Tools of the home baker’s passion litter the kitchen’s granite countertops: A tin of Valrhona cocoa sits in a pool of brown dust; a well-worn stand mixer is surrounded by cracked eggshells, a bottle of pure vanilla and empty butter wrappers; a spatula with residue from a flourless chocolate cake is propped against a bowl. A hastily scratched-out to-do list rests next to a piping bag: cherry eyeballs, bird beaks, spider web cupcake toppers, Pennywise-sculpted cake.
“Pennywise is a terrifying clown, the antagonist in Stephen King’s novel ‘It,’” says Gregg, a devoted King fan.
Welcome to Halloween, a la Gregg, the holiday where he artfully combines a love for all things gruesome with his penchant for sweet treats. Gregg’s affection for the holiday started during his childhood in Louisburg, Kan.: he loved to be scared and to scare the wits out of his siblings.
With three older brothers, including his twin, and two sisters, Gregg quickly learned the thrill of hiding around corners of the barn on his family’s farm, jumping out and screaming at the top of his lungs.
“My parents, sisters, brothers, it didn’t really matter my target,” Gregg says, stepping back from the tray of eyeballs, surveying his work. “Just to see someone jump out of their skin was the objective.”
A voracious reader, Gregg recalls being around 10 years old when he picked up a book his mother had just finished. “It was ‘The Shining’ by Stephen King,” Gregg says with a chuckle. “I started reading and couldn’t put it down. That was the beginning of my fascination with the macabre.”

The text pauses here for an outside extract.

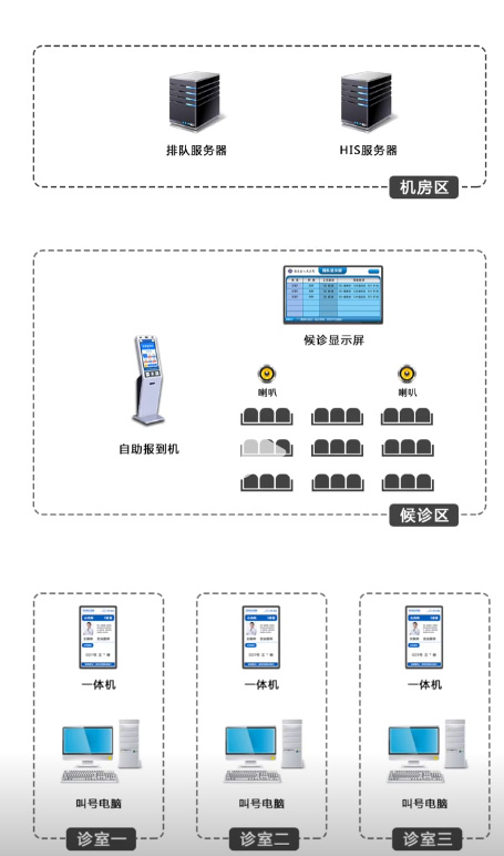排隊(duì)叫號(hào)系統(tǒng)圖,機(jī)房區(qū)由排隊(duì)服務(wù)器和叫號(hào)服務(wù)器組成。候診區(qū)由自助報(bào)道一體機(jī),播放喇叭候診顯示屏組成。診室區(qū)由排隊(duì)叫號(hào)顯示一體機(jī)和呼叫電腦組成,同時(shí)服務(wù)器顯示屏叫號(hào)一體機(jī)都是通過tcp聯(lián)網(wǎng)。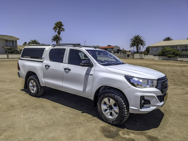 Our car hire for Namibia isn’t the normal cheapest small car that we can get. The roads here can be rough and most of them aren’t tarmacked. So we’ve hired a double cab Toyota hilux 4×4. Its almost as long as out camper.

Gregg’s imagination conjured vivid visuals of scenes from the book. And he was especially taken by the big-screen portrayal of his favorite sequence from the book: The twin girls dressed in frilly blue dresses tied with pink sashes, ominously standing at the end of the hallway in the spooky abandoned hotel. “I am captivated by twins, since I’m a twin myself and my grandfather, Donald, and father are twins, too,” he says.
In a quest to satisfy his curiosity about Halloween traditions, a 12-year-old Gregg asked the Louisburg Library librarian, Mrs. German, for research assistance. While combing through books, Gregg stumbled on Dia de los Muertos, or Day of the Dead, celebrated on Oct. 31 and Nov. 1 and 2. The Mexican holiday focuses on gatherings of family and friends who pray for loved ones who have died.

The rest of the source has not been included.